Data items:

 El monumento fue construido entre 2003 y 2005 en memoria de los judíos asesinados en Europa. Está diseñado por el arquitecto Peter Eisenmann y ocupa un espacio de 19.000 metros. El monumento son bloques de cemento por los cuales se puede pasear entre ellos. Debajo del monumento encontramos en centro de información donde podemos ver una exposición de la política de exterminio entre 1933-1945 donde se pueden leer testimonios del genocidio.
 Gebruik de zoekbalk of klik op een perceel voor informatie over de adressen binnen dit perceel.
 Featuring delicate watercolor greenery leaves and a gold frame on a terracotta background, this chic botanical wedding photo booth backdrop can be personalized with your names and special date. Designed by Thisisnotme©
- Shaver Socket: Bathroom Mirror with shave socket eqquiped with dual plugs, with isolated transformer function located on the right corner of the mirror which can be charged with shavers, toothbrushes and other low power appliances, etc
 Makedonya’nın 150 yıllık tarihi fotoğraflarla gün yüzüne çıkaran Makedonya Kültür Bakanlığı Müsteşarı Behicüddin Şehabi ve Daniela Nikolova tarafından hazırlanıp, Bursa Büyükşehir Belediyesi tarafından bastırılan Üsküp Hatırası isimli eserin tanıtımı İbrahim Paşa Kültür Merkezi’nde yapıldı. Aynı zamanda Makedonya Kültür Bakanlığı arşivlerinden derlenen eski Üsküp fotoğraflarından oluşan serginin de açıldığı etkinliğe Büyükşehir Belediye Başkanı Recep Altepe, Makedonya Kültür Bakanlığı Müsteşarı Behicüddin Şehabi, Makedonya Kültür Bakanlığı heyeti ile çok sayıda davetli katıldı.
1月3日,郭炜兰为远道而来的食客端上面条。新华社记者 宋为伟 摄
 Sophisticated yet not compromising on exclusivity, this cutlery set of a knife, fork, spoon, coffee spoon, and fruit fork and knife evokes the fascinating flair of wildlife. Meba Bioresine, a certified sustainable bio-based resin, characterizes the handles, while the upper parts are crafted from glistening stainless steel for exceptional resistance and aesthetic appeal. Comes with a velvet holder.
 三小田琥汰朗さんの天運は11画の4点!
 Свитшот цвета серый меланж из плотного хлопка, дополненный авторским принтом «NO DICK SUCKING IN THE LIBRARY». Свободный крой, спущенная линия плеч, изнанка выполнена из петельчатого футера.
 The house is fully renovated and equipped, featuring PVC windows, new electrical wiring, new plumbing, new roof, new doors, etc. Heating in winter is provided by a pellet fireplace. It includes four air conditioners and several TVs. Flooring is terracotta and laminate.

What to do: Go through the data and return each line where the word "with" appears.

Response to the task:
 Featuring delicate watercolor greenery leaves and a gold frame on a terracotta background, this chic botanical wedding photo booth backdrop can be personalized with your names and special date. Designed by Thisisnotme©
- Shaver Socket: Bathroom Mirror with shave socket eqquiped with dual plugs, with isolated transformer function located on the right corner of the mirror which can be charged with shavers, toothbrushes and other low power appliances, etc
 Sophisticated yet not compromising on exclusivity, this cutlery set of a knife, fork, spoon, coffee spoon, and fruit fork and knife evokes the fascinating flair of wildlife. Meba Bioresine, a certified sustainable bio-based resin, characterizes the handles, while the upper parts are crafted from glistening stainless steel for exceptional resistance and aesthetic appeal. Comes with a velvet holder.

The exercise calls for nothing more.